A Miracle On Chapel Street

By Colin Veacock  

Nicky Smith is an ordinary man. Or rather he was an ordinary man…. On the 5th December 1990, at the age of twenty four, something happened to Nick which defies belief. While cleaning the windows on the fifth floor of Richmond House on Chapel Street, Liverpool, a window hinge gave way causing Nick to spiral backwards out of the window. As he somersaulted through the air he heard a voice, which he describes as belonging to an old woman, telling him to, “Fall feet first Nicky, fall feet first.” At the same time he was acutely aware of watching himself cart wheeling through the air from several feet behind his body. The last thing he remembers is placing his left hand behind his head, an action which  almost certainly saved his life, before he crashed into the courtyard below. As luck would have it, Nick was coming out of a somersault when the back of his feet smashed into the floor shattering the bones. Other injuries sustained when he landed in the courtyard included  a broken pelvis, the three bottom vertebrae of his spine were fractured, his left wrist was shattered and had to be rebuilt, the ribs on the right hand side of his body were broken and he received a severe concussion. Although he kept his eyes tightly shut as he heard screams of horror echoing around the courtyard, he felt detached and distant as if it was happening to someone else. Then, with a rush, he was thrown back into his body. As pain tore through his torso he managed to turn his head to the right where he saw a police motorcyclist looking away in horror at the sight of his disjointed body. Then silence descended.

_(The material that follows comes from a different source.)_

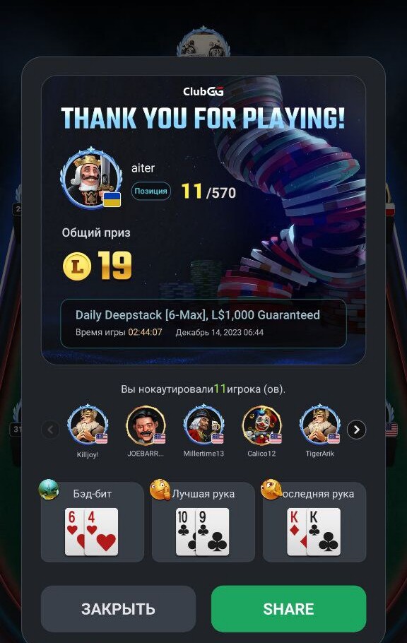 Всім привіт!)чесно нема на що жалітись(майже),з останніх зіграних турнірів на GGclub,всі були в ітм,переважно це білети нажаль,але вже краще ніж нічого,вчора знову сидів до 4 ночі щоб зіграти турнір і не даром)цього разу вдалось виграти live$,радий і цьому,та могло бути більше остання роздача за норм стек,і вихід на фіналку,а можливо і виграш у туріку👇

Nicky was rushed by ambulance to The Royal Liverpool Hospital where Doctors began to treat his many injuries. When they asked whether he could hear them Nicky responded in a broad Irish accent which shocked everyone present although his scouse accent soon returned. It was to be two long  painful years  before he was truly back on his feet again. There were many setbacks along the way…

At one stage he died twice due to eight blood clots which settled in his lungs and at one point one of his feet had to be rebuilt due to gangrene. It’s a credit to the man that  barely two years after surviving the horrific fall he was out of hospital and back at home with his family. Although still in constant pain he could see light at the end of the tunnel. However, as his health began to improve he became aware that not everything was  as it should be.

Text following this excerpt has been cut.